(Items from a data source)
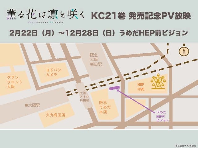 2025年12月22日(月)から12月28日(日)までの1週間、東京の新宿ユニカビジョンと大阪のうめだHEP前ビジョンにて、『薫る花は凛と咲く』の作品PVを放映します。
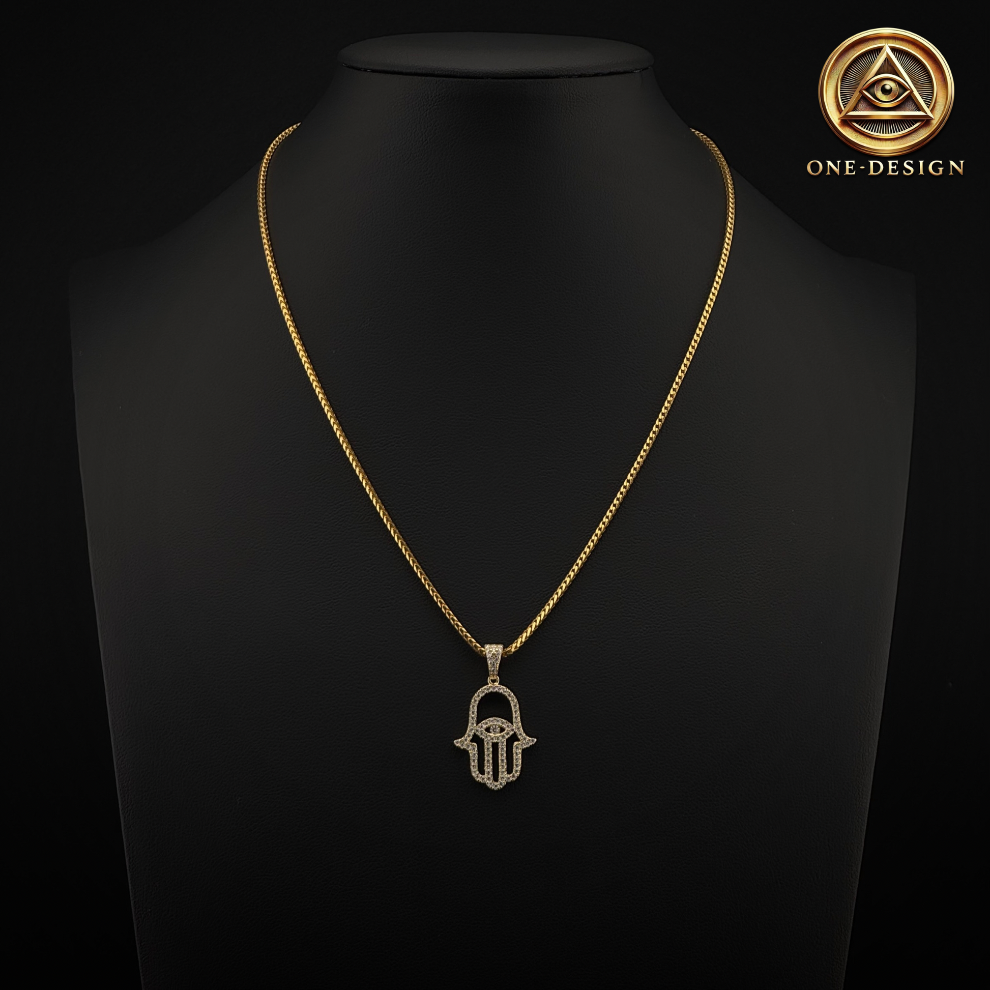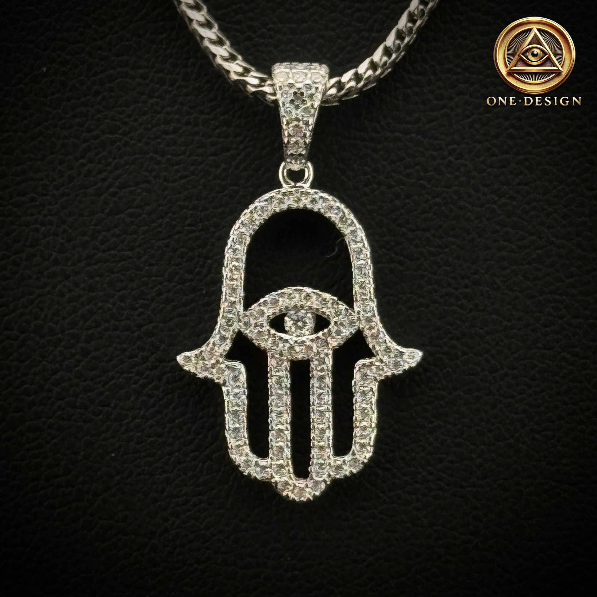 "Collar Moissanite Eye Hamsa con cadena incluida 1.5mm. Hecho en plata 925 y plata 925 con baño de oro. Ofrece lujo, brillo y protección para una abundante vida. Perfecto para llevar siempre contigo, no pierdas la oportunidad de tener esta joya única."
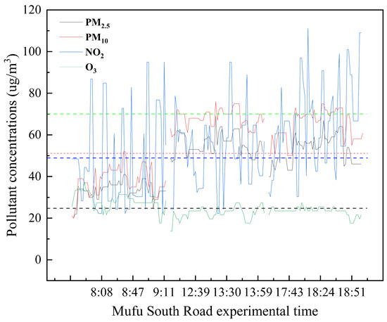 Overall, the concentrations of various pollutants on Mufu South Road increase as the traffic volume increases throughout the day (Figure 3). The pollutant concentration in Nanjing City is relatively low and generally complies with the National Air Quality Standards Grade II [38]. However, there are specific disparities compared to the interim target–4 in the Air Quality Guidelines released by the World Health Organization (dotted line in Figure 3) [39]. The average daily concentration of NO2 detected at Mufu South Road was 60.4 µg/m3, which is below the National Air Quality Standards Grade II limit of 80 µg/m2. However, the average daily concentration of NO2 in the Air Quality Guidelines interim target-4 is 50 µg/m3. Specifically, the concentration of various air pollutants was significantly lower during the morning peak hours compared to the non-peak hours at noon and the evening peak hours. As shown in Figure 4, the findings demonstrate a robust positive correlation between the concentration of NO2 and the traffic volume. However, no correlation was observed between O3 concentration and traffic volume. The concentrations of inhalable particles (PM2.5 and PM10) were lower during the morning peak hours, while no significant differences were observed during the non-peak and evening peak hours. The concentration of NO2 generally showed a positive correlation with traffic volume, whereas the relationship between other pollutants and traffic flow was less apparent. These findings indicate that meteorological factors may influence the concentration fluctuations of inhalable particles and pollutants such as O3 on roads.
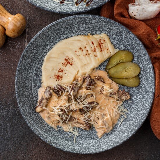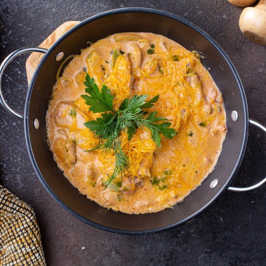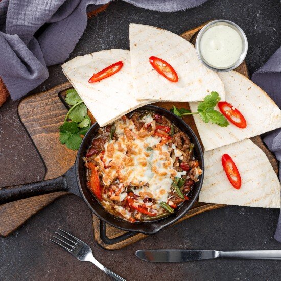 Мясо в мексиканском стиле запеченное под сырной шапочкой
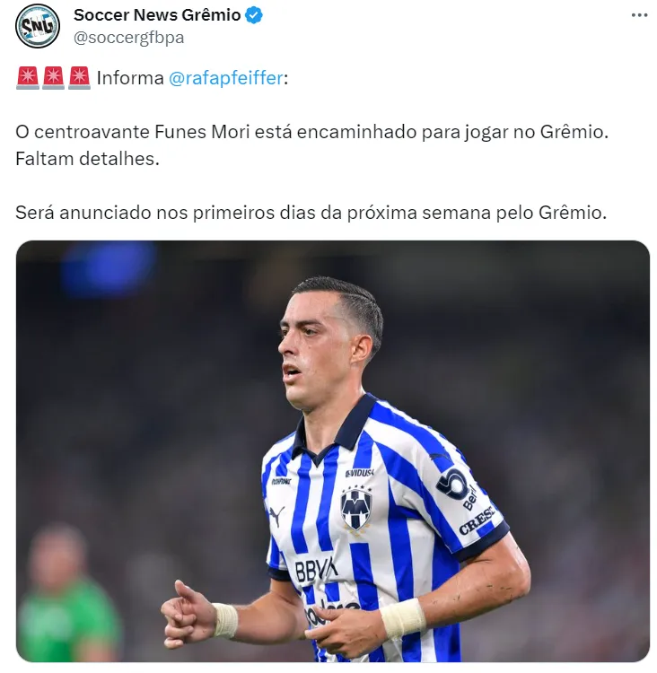O Grêmio, no entanto, não deseja parar apenas em Vincent Aboubakar e tem conversas praticamente seladas para anunciar outro nome, Funes Mori, atualmente, no futebol do México.
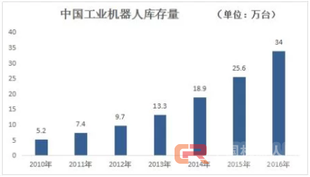 据前瞻家当研讨院懂得到,中国曾经是全球机械人最快的市场,2016年中国工业机械人的库存量为34万台,绝对上年同比增加了32.81%。别的,估计2018年到2020年的复合增速为15%-20%之间。

WHAT THE EXERCISE ASKS> Your reply is the full set of entries reproduced exactly, with images omitted.

FINAL ANSWER>
 2025年12月22日(月)から12月28日(日)までの1週間、東京の新宿ユニカビジョンと大阪のうめだHEP前ビジョンにて、『薫る花は凛と咲く』の作品PVを放映します。
 "Collar Moissanite Eye Hamsa con cadena incluida 1.5mm. Hecho en plata 925 y plata 925 con baño de oro. Ofrece lujo, brillo y protección para una abundante vida. Perfecto para llevar siempre contigo, no pierdas la oportunidad de tener esta joya única."
 Overall, the concentrations of various pollutants on Mufu South Road increase as the traffic volume increases throughout the day (Figure 3). The pollutant concentration in Nanjing City is relatively low and generally complies with the National Air Quality Standards Grade II [38]. However, there are specific disparities compared to the interim target–4 in the Air Quality Guidelines released by the World Health Organization (dotted line in Figure 3) [39]. The average daily concentration of NO2 detected at Mufu South Road was 60.4 µg/m3, which is below the National Air Quality Standards Grade II limit of 80 µg/m2. However, the average daily concentration of NO2 in the Air Quality Guidelines interim target-4 is 50 µg/m3. Specifically, the concentration of various air pollutants was significantly lower during the morning peak hours compared to the non-peak hours at noon and the evening peak hours. As shown in Figure 4, the findings demonstrate a robust positive correlation between the concentration of NO2 and the traffic volume. However, no correlation was observed between O3 concentration and traffic volume. The concentrations of inhalable particles (PM2.5 and PM10) were lower during the morning peak hours, while no significant differences were observed during the non-peak and evening peak hours. The concentration of NO2 generally showed a positive correlation with traffic volume, whereas the relationship between other pollutants and traffic flow was less apparent. These findings indicate that meteorological factors may influence the concentration fluctuations of inhalable particles and pollutants such as O3 on roads.
 Мясо в мексиканском стиле запеченное под сырной шапочкой
O Grêmio, no entanto, não deseja parar apenas em Vincent Aboubakar e tem conversas praticamente seladas para anunciar outro nome, Funes Mori, atualmente, no futebol do México.
 据前瞻家当研讨院懂得到,中国曾经是全球机械人最快的市场,2016年中国工业机械人的库存量为34万台,绝对上年同比增加了32.81%。别的,估计2018年到2020年的复合增速为15%-20%之间。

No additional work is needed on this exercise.